С утра я распиливал доски на заднем дворе синагоги. Длинные доски мусорные траки не принимают. Их нужно распиливать и веревкой увязывать в пакеты. Было жарко, и я снял тишертку, оставшись в одних шортах. Из боковой двери кухни во двор вышла миссис Кроцки. В руке у нее был стакан с яблочным соком. Она остановилась, глядя на меня. Я уже знал, что она может брать в кухне любые продукты, поскольку она платила синагоге триста долларов в месяц. Самая маленькая плата для членов синагоги была десять долларов. Укладывая в пакеты распиленные доски, я сообщил ей, что приобрел нужную трубу для ее душа. Она спросила:

– Ты можешь прийти ко мне послезавтра?

– Могу. Приду со всеми инструментами. – Она сказала:

– Не выбрасывай все доски. Оставь одну вязанку. И наруби на поленья. И принеси мне, если не трудно. У Наоми в доме камин, и ее муж любит, когда в камине горит натуральное дерево, а не угли. – Я сказал, что сделаю это. Она подумала и спросила: – А правда, Наоми красивая девушка?

– Красивая, – согласился я. – Только она не девушка, а замужняя дама, и у нее дети.

– Женщина, – подтвердила миссис Кроцки. – Красивая женщина. А муж ее болен. И будет долго болеть.

– Наоми говорила, у него что-то с сердцем, – вспомнил я.

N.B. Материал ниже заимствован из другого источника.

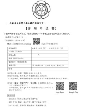※特別ガイド代、安土城考古博物館入館料、安土城跡入山料、昼食代

– У него вырезали одну почку, – безразличным тоном сообщила миссис Кроцки. – Он много пил, как последний гой. Теперь не пьет. Но уже поздно. У него что-то не в порядке по мужским делам. А Наоми молодая женщина. И красивая. – Миссис Кроцки смотрела на меня красными немигающими глазами.

– Красивая, – опять подтвердил я.

Президент Шали позвонил мне в семь утра и сообщил, что будут похороны. Умер Яков Гершец. Он долго лежал в больнице, поэтому я никогда его не видел, но знал его жену Брэнду Гершец, пожилую молодящуюся даму. В синагоге я относил их к бедным. Когда-то они владели магазином в Манхэттене, но оставили его детям и жили в дешевой бруклинской студии. Перед синагогой собралось много народу. Гроб с телом привезли в больничной машине и внесли в вестибюль. Для этого я вынес большой раскладной стол, на который установили деревянный некрашеный гроб, покрытый черным сукном. Я помогал. Гроб был тяжелым. Говорили, что Яков Гершец был тучным. Раби читал молитву, а миссис Гершец всхлипывала в окружении сочувствующих женщин. Из Манхэттена приехали два сына покойного со своими семьями. Затем приехал автомобиль катафалк, в который внесли гроб. Народу было много. Раби прочел прямо на улице еще одну молитву, которая называется кадиш. Катафалк уехал, а за ним уехали еще шесть машин провожающих на кладбище. Не знаю как у евреев, но у христиан полагается после похорон мыть помещения. Я стал мыть шваброй вестибюль, а заодно и все уборные, тем более, что регулярную уборку, так или иначе, нужно делать. На раскладном столе, на котором стоял гроб, остались красноватые потеки. Очевидно, из тела покойника вытекала жидкость бурого цвета, протекшая через дно гроба. В спортивном зале я долго отмывал хлоркой эти пятна со стола, но до конца не отмыл: очень едкая органика. Потом я эти пятна закрасил синим фломастером. Пусть думают, что это дети запачкали стол во время занятий детской группы.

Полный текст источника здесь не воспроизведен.